RECORDED DATA |
---+---
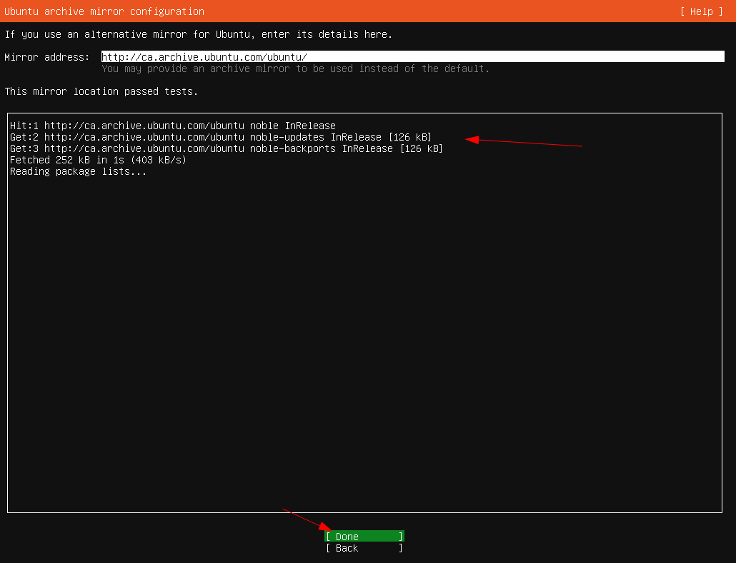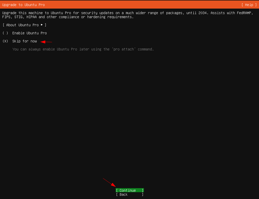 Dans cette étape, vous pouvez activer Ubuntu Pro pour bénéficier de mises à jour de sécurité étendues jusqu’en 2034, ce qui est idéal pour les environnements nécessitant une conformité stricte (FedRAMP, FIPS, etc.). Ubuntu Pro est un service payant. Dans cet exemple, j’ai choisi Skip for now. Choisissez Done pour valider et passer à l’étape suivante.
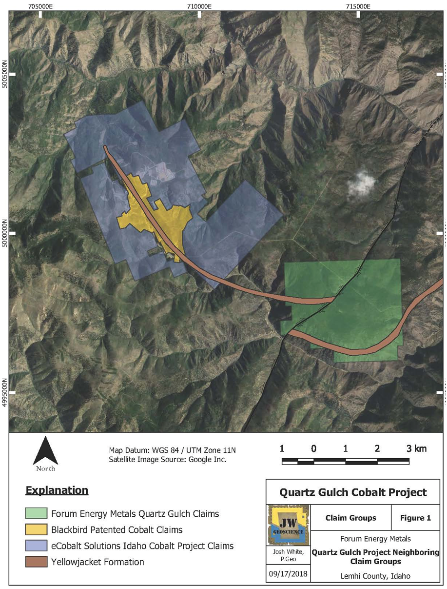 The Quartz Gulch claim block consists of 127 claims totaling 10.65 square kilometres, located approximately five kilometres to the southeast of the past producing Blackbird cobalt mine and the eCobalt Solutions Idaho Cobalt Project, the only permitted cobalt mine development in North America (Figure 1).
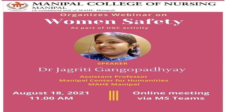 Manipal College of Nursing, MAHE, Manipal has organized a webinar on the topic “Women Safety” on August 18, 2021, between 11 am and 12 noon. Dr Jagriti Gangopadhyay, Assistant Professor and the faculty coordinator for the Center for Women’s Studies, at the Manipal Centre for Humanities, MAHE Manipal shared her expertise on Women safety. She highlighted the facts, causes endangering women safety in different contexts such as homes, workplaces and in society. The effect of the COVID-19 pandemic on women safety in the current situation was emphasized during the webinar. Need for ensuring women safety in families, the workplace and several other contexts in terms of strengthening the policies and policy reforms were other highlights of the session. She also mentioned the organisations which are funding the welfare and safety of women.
---+---
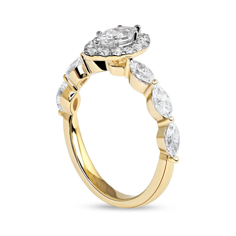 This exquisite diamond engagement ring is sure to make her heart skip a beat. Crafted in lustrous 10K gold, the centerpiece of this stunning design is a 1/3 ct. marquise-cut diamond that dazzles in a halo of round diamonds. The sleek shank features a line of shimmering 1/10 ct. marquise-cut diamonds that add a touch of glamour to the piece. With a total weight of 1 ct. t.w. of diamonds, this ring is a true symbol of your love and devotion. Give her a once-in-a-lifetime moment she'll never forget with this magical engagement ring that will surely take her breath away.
---+---
WHAT YOU NEED TO DO | Return the material from the line containing "Dans cette étape, vous" through the line containing "The Quartz Gulch", exactly and in full, but without its pictures.

TASK OUTPUT |
 Dans cette étape, vous pouvez activer Ubuntu Pro pour bénéficier de mises à jour de sécurité étendues jusqu’en 2034, ce qui est idéal pour les environnements nécessitant une conformité stricte (FedRAMP, FIPS, etc.). Ubuntu Pro est un service payant. Dans cet exemple, j’ai choisi Skip for now. Choisissez Done pour valider et passer à l’étape suivante.
 The Quartz Gulch claim block consists of 127 claims totaling 10.65 square kilometres, located approximately five kilometres to the southeast of the past producing Blackbird cobalt mine and the eCobalt Solutions Idaho Cobalt Project, the only permitted cobalt mine development in North America (Figure 1).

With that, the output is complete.